In 1990 Sadam Hussein invaded Kuwait and dropped hundreds of mines into the persian gulf as a barrier to make sure no military vessel or oil tanker was able to approach Kuwait.
A number of NATO countries as also germany sent their mine seachers / hunters down into the gulf to get rid of these mines. During this time I was stationed on the MHC Koblenz (M1071). So, that was the time where a saw quite a lot from the world ;-)
A few years after my military service the german navy replaced to old mine hunter fleet we were stationed on by new high-tech vessels. One of the ships (MHC Weilheim (M1077)) was handed over to the navy museum in Wilhelmshaven and is now open to be visited for everyone. A very good friend of mine and I visited this ship yesterday and it really was like a trip back in time. Everything was still the same as it was 16 years ago (even the smell of the beds). We lived nearly a year on this small ship, along with 44 others and I have to admit that I liked the time very much. It was like a (big) family. Living together on that close space for that long time together with so many other people really gets you to know each other.
Would be nice to setup a veteran meeting sometime in the summer on board of this ship ;-)
BTW: if you wonder why the ship resp. the entire fleet was made from wood there is a simple explanation: see mines, especially gound mines have different kind of sensors to figure if there is a ship above that's worth to destroy. There are magnetic sensors, audio sensors and pressure senors. A ship made from iron has it's own magentic field, if it uses it's standard machines it also does a lot of noise and the bigger the ship is, the more water displacement it has which causes a pressure wave before and below it.
Modern mines are able to figure from all these parameters the excact type of ship above them.

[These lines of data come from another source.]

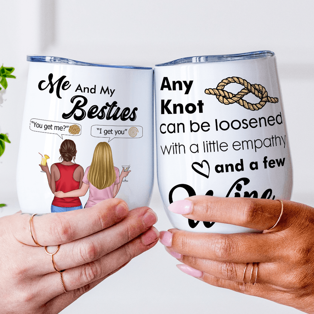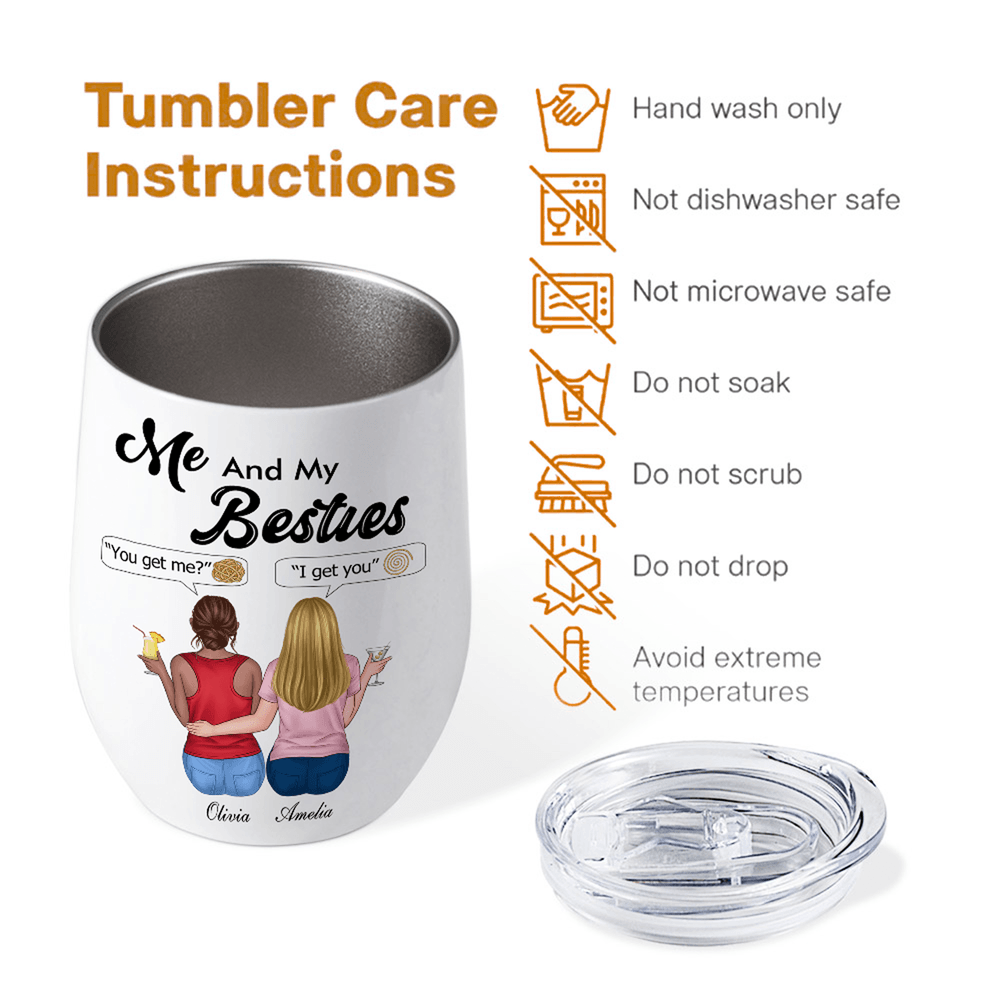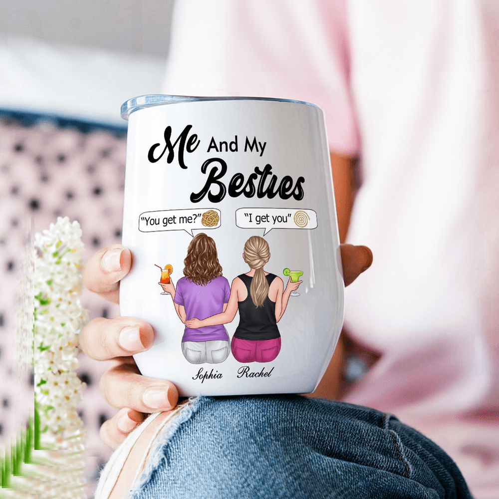 Celebrate the bond of true friendship with this "Me and My Besties" tumbler, featuring the text "you get me? I get you," — a perfect representation of your unspoken connection. Customize it with your names to create a one-of-a-kind token of your friendship. The charming illustration of best friends from behind adds a warm, personal touch, turning every sip into a special shared moment.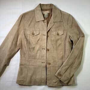Apostrophe Genuine Suede Tan Leather Jacket Size 12 Classic Button Front Coat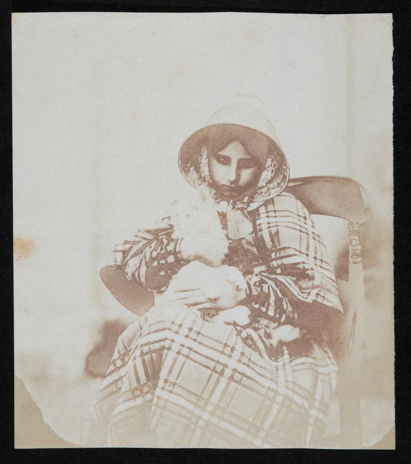 Collodion glass negative of Lucy and Elinor with basket on chair. Taken on the porch at Penllergare.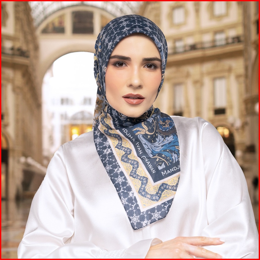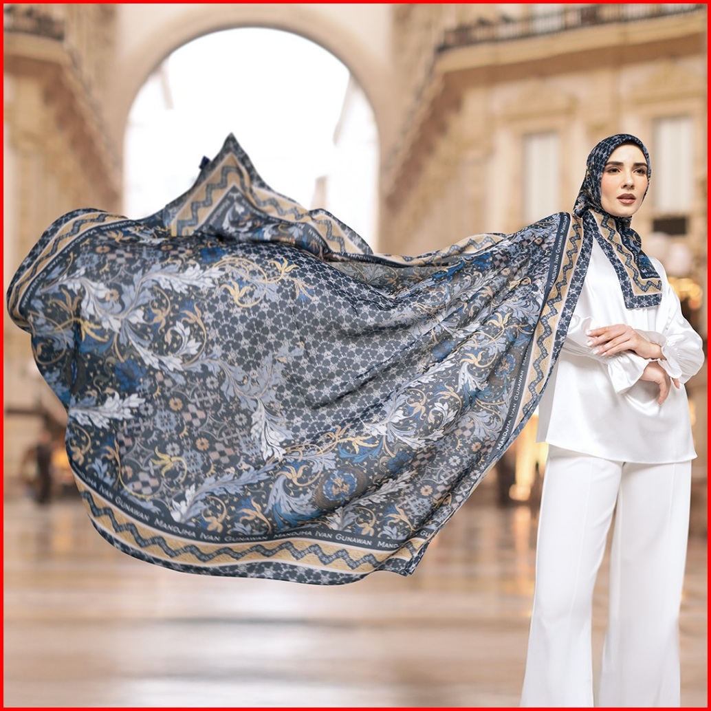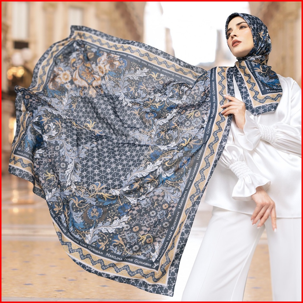 Mandjha Laurelie Navy Scarf By Ivan Gunawan - Jilbab Hijab Segi Empat Motif Original Mandjha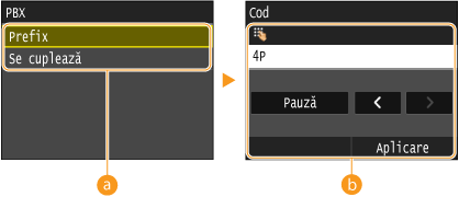 Dacă aparatul dvs. este conectat printr-o PBX (Private Branch Exchange (Centrală telefonică privată)), trebuie setată metoda de acces. Puteţi seta tipul PBX la <Prefix> sau <Se cuplează>. Dacă înregistraţi numărul de acces la linia exterioară la tasta R, puteţi accesa cu uşurinţă linia exterioară.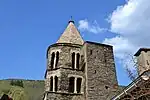 Le chœur de l'église est logé dans une deuxième tour semi-circulaire portant mâchicoulis, autre élément de l'ancien château. Cette tour est probablement à l’origine du nom du village.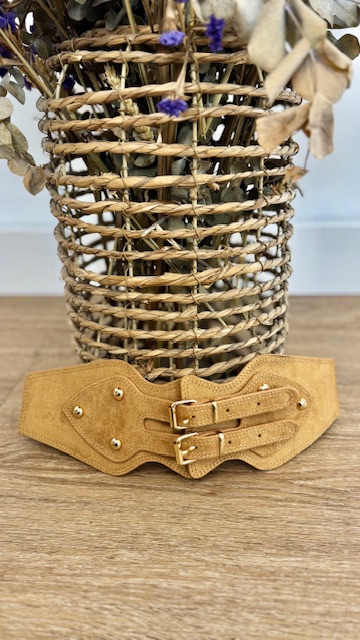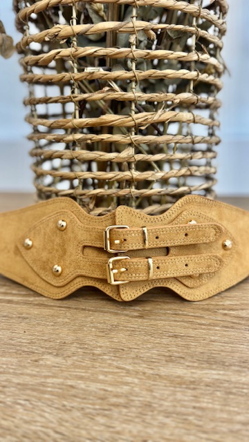 Cinturón ancho con elástico en la parte trasera estilo corsé en color camel. Talla única.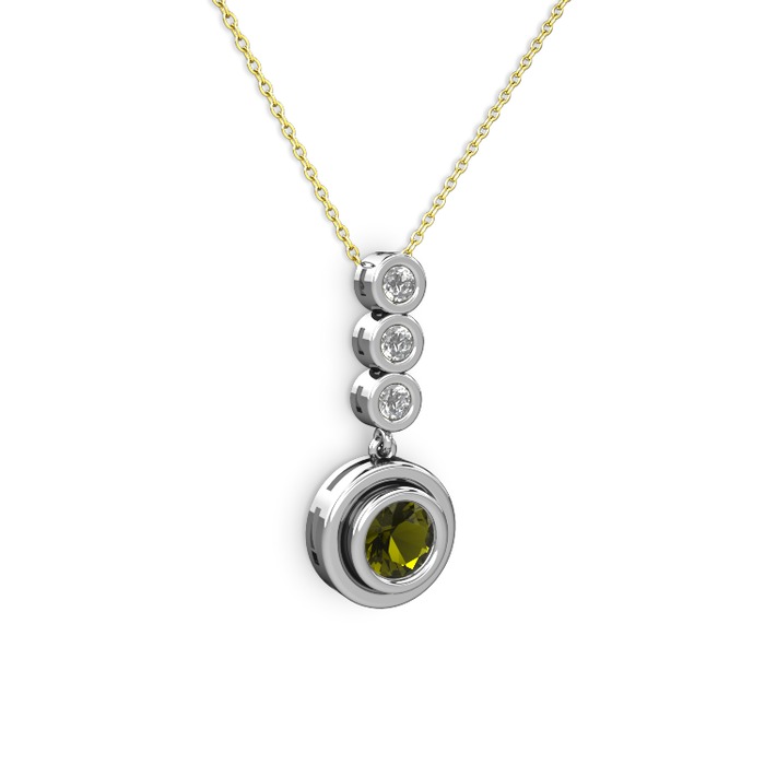 Peridot ve elmas 18 ayar beyaz altın kolye (0.33 karat, 40 cm altın rolo zincir)

When we were mine hunting in mines fields we had to make sure none of these sensors would "see" us. As a wooden ship there was no magnetic field, we used eletrical motors instead of the standard machines so there was no noise at all and with a spped of less then a knot you don't even have a fairway behind you and therefore no water displacement resp. pressure wave at all. In fact we were quite save in mine fields consisting of ground mines. There are of course other mine types as well, but there were other systems available to destroy them before we actually went into a mine field.
The trip yesterday made me thinking a lot of the old times and look into all the old pictures. Here are a few of them so you can get an idea of what I did: 
That's me while doing some exercise drills in the medeterian sea. Well, to be honest, shortly before the drill actually started. 
My boat, the MHC Koblenz, entering Port Said, the entrance to the Suez Canal in the medterian sea. 
As I was the only one with a beard on board, therefore I was also the only one with a hair cutting machine. That made me the "Südflanken" barber. The picture was taken in the middle of the Suez Canal. 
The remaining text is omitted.